RedLZSS lzss compression/decompression


see http://michael.dipperstein.com/lzss/

and http://en.wikipedia.org/wiki/Lempel-Ziv-Storer-Szymanski


a dictionary look-up compressor that performs best with long repeating patterns.  e.g. [0, 1, 2, 3, 0, 1, 2, 3, 0, 1, 2, 3, 0, 1, 2, 3, 0, 1, 2, 3, 0, 1, 2, 3]

only works with 8bit Integer (0-255)


see also: RedBase64 RedHuffman RedLZ77 RedLZ78 RedLZW RedRLE


*compress(array)

expects an array of 8bit integers

returns a string of binary numbers

*decompress(string)

expects a string of binary numbers

returns an array of 8bit integers

*binaryStringToBytes(string)

converts a binary string into 8-bit bytes.

up to 7 zeros might be padded automatically at the end.  the number of zeros is stored in pad.

pad is semi-private and used when converting back to bytes.

*bytesToBinaryString(array)

converts an array of 8-bit bytes into a binary string.

<>pad

semi-private counter for number of padded zeros.

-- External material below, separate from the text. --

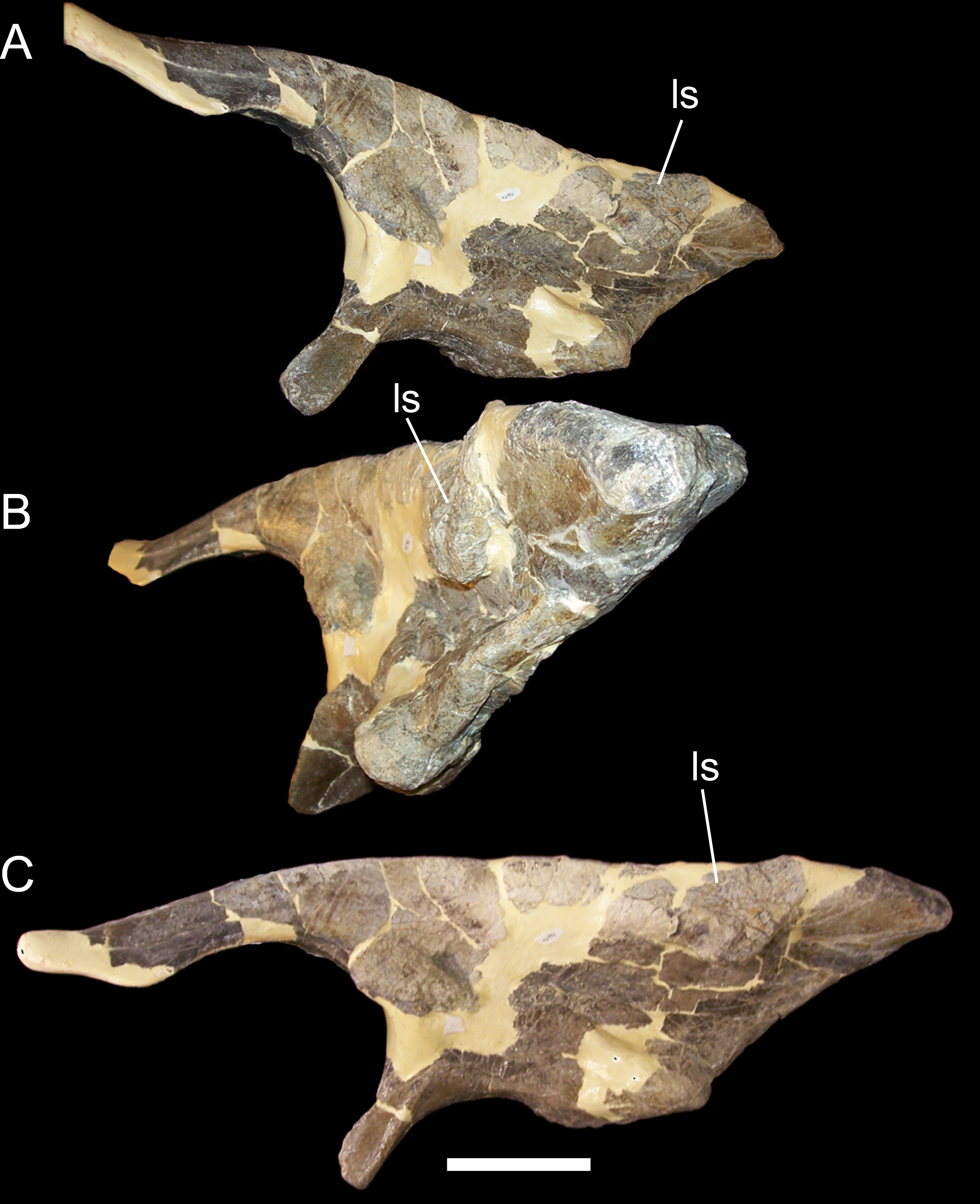 Left ilium of Cedrorestes crichtoni (DMNH 47994, holotype).
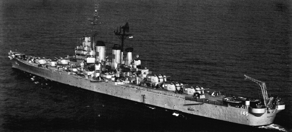 The U.S. Navy light cruiser USS Roanoke (CL-145) as built, circa in 1949.

set by binaryStringToBytes and read by bytesToBinaryString.

<>window

maximum sliding window size.  default= 4096

<>length

maximum length for matching pattern.  default= 32



//--

a= [0, 1, 2, 3, 0, 1, 2, 3, 0, 1, 2, 3, 0, 1, 2, 3, 0, 1, 2, 3, 0, 1, 2, 3];

b= RedLZSS.compress(a);

RedLZSS.binaryStringToBytes(b).size/a.size; //compressed to 29%

c= RedLZSS.decompress(b);

a==c



a= "AABCBBABC".ascii;

b= RedLZSS.compress(a);

c= RedLZSS.decompress(b);

c.collect{|x| x.asAscii}.join;

a==c



a= "abracadabra".ascii;

b= RedLZSS.compress(a);

c= RedLZSS.decompress(b);

a==c



a= "JOEYNJOEYNJOEYJOEYNJOEYNJOEYJOEYNJOEYNJOEYJOEYNJOEYNJOEY".ascii;

b= RedLZSS.compress(a);

c= RedLZSS.binaryStringToBytes(b);

c.size/a.size; //compressed to 27%

d= RedLZSS.bytesToBinaryString(c);

e= RedLZSS.decompress(d);

e.collect{|x| x.asAscii}.join;

a==e



a= "Man is distinguished, not only by his reason, but by this singular passion from other animals, which is a lust of the mind, that by a perseverance of delight in the continued and indefatigable generation of knowledge, exceeds the short vehemence of any carnal pleasure.".ascii;

b= RedLZSS.compress(a);

RedLZSS.binaryStringToBytes(b).size/a.size; //compressed to 99%

c= RedLZSS.decompress(b);

c.collect{|x| x.asAscii}.join;

a==c



a= {|i| [0, 0, 0, 1].choose}.dup(5000);

RedLZSS.window= 512; //decrease window and length to speed up compression

RedLZSS.length= 16;

b= RedLZSS.compress(a); //very slow to compress large arrays

RedLZSS.binaryStringToBytes(b).size/a.size; //compressed to around 22% (also 22% with default window and length values)

c= RedLZSS.decompress(b); //fast to decompress

a==c